In total, there are about 100 cars that offer visitors a nice sampling of Milanese and Turin coachbuilders in comparison. The inauguration is attended by the Hon. Corbellini, Minister of Transport, and the magazine L’Auto Italiana, which records punctually the event, reports twin photographs, showing Avv. Bianchi Anderloni, patron of Touring, and Pinin Farina, illustrating their very latest creations to the guest.
It is a great success with the audience; there are many foreign delegations interested in taking stock of the Italian industrial situation.
The risk of experimenting
The chance to buy a car is reserved for a few, but everyone wants to see the luxurious new models, if possible to touch them, they want to dream, to imagine themselves traveling behind the wheel of a spider, with the wind tousling their hair. Among the cars on display, all of which are interesting to the public that has been fasting for years, the one that attracts attention more than any other is the brand new Isotta Fraschini Monterosa with a rear engine. History will tell us that the car will not have a production follow, but in those days the hope of seeing the resurgence of the celebrated Milanese brand, known throughout the world, was very much alive. The bodywork prepared by Touring, also from Milan, is particularly beautiful, stylistically light and graceful, as is customary for Federico Formenti, Touring’s chef designer.
Other Touring bodies also ecidenced by elegance and purity of design, such as the Alfa Romeo 2500 and Lancia Aprilia. The Pinin Farina stand hosts a star of the first magnitude, the Cisitalia 202, a design that will be recognized worldwide as the ultimate example of style, so much so that it will have official recognition at Moma in New York.
Bertone exhibits an interesting fish-mouth front end design of the Healey Cabriolet (design we will see again on other chassis).
We quote an annotation by Giovanni Canestini: “What is most striking about these fine bodies that made up the Exhibition complex is the extreme care in the workmanship of the different parts and in particular of the connecting forms, which reveals the employment of a workmanship skilled and endowed with uncommon and, we would like to say, exclusive experience.”
This exhibition should also be remembered for a group of flamboyant-style coachwork, opulent, perhaps in response to a need to react conspicuously to the deprivations of the war period and even the one that followed: large wraparound bodies covering all four wheels: examples include some Castagna, Stabilimenti Farina (on Lancia Astura chassis), some Ghia on Fiat 1100s and 1500s with Buick-inspired snouts. Boneschi is also present in this group.

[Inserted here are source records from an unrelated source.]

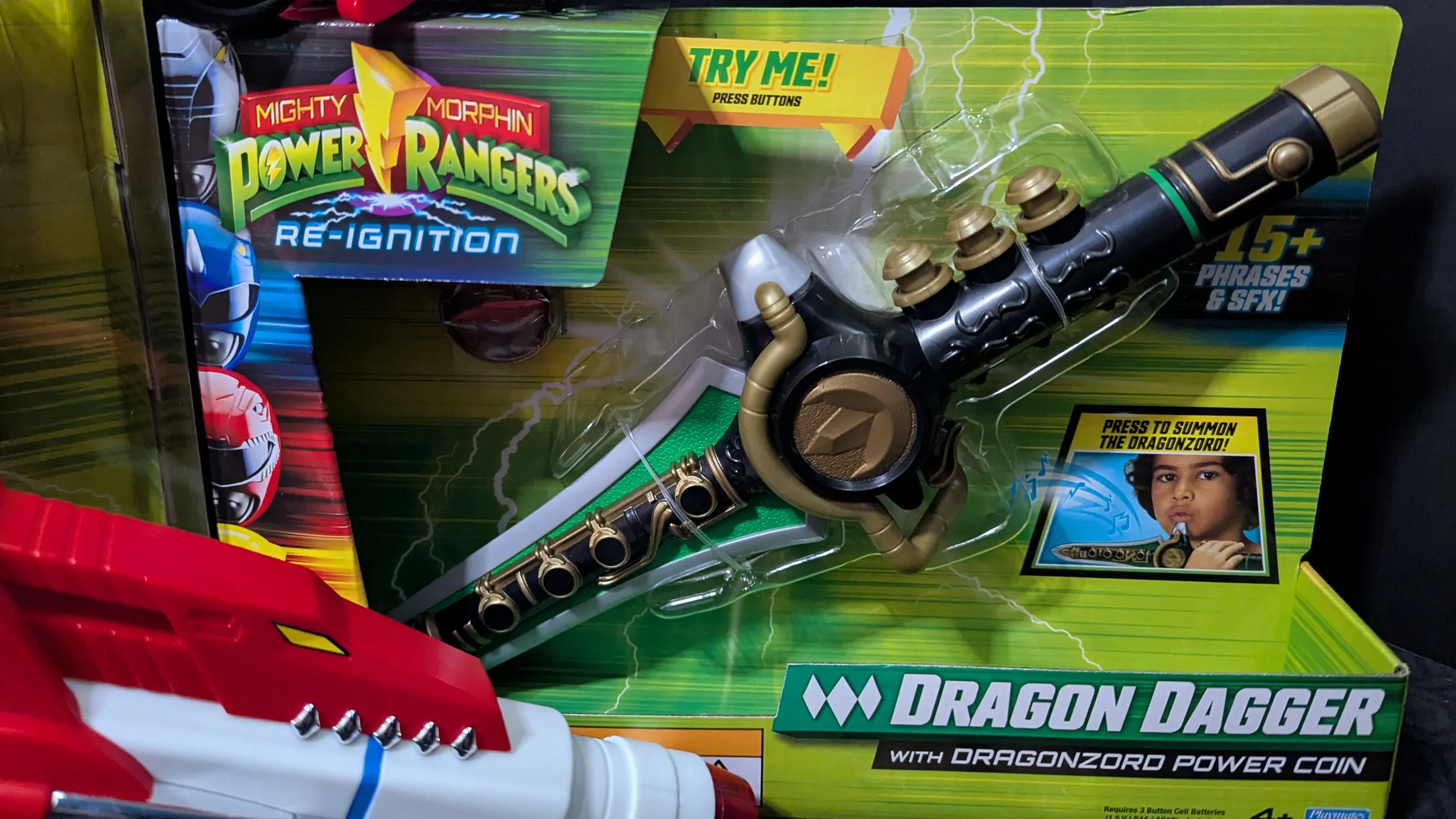 For the Green Ranger fan in your life, you’ll want to add the Dragon Dagger to your collection, and this one has some cool features. Not only do you get over 15 sound effects and phrases, but you also get the Dragonzord Power Coin to use in the Power Morpher. Now, Hasbro’s Dragon Dagger is a personal favorite, and this one scales things down a bit, as it doesn’t feature light-up effects or the whole remix function to the music.
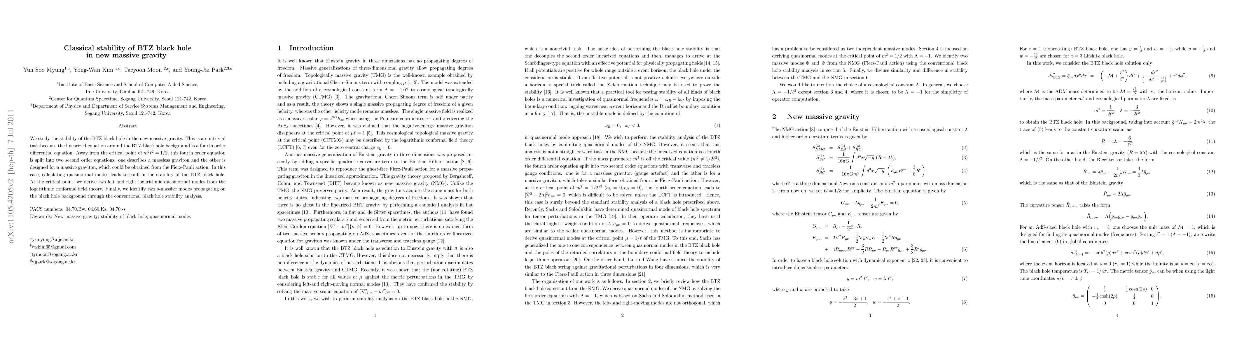 This paper investigates the stability of BTZ black holes in the context of new massive gravity, confirming stability via quasinormal mode calculations. It reveals distinct behavior for massive gravitons away from the critical point $m^2 l^2=1/2$, and identifies logarithmic modes at the critical point.
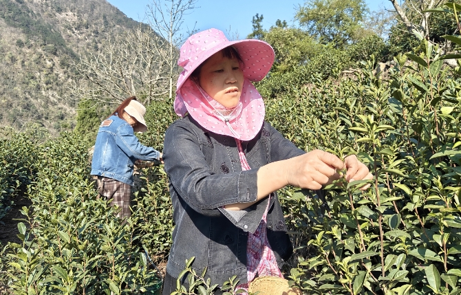 春日茶园绿意盎然,巧手翻飞采茶正忙。
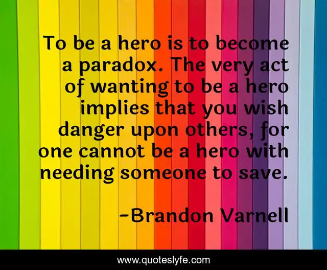 This page presents the quote "To be a hero is to become a paradox. The very act of wanting to be a hero implies that you wish danger upon others, for one cannot be a hero with needing someone to save.". Author of this quote is Brandon Varnell. This quote is about dark, realistic,.

Castagna also features a pair of Fiat 1100s with patented Vistotal windshields and a particularly arched front end.
Perhaps the greatest overlap of styles is in the CAR-bodied Lancia Aprilia, a metallic silver cabriolet very futuristic, presented outside the exhibition.
It is interesting to note that the fashion for covered-wheel bodies with lines that we have called opulent and that some have happily called “overflowing”- was very short-lived in Italy, while in France it continued with an important following, through the work of big names such as Figoni & Falaschi, Saoutchk, Chapron, Labourdette, evidence of a particular predilection for the accessiveness of French designers.
The critics
As early as 1947 Auto Italiana reported a pair of articles by Gianni Allosi enriched by numerous photographs by Franco Degli Ubertie and Corrado Millanta, in which the exaggerations were given due prominence. The comments sounded justifiably harsh on these “exaggerated” achievements:
“Unfortunately, in this first exhibition of coachbuilding some symptoms of decay are noticeable somewhere. More than one coachbuilder on this occasion wanted to overdo it, to impress at any cost with new. Big mistake, commercial gimmick that cannot convince the Italian public, too good a judge.”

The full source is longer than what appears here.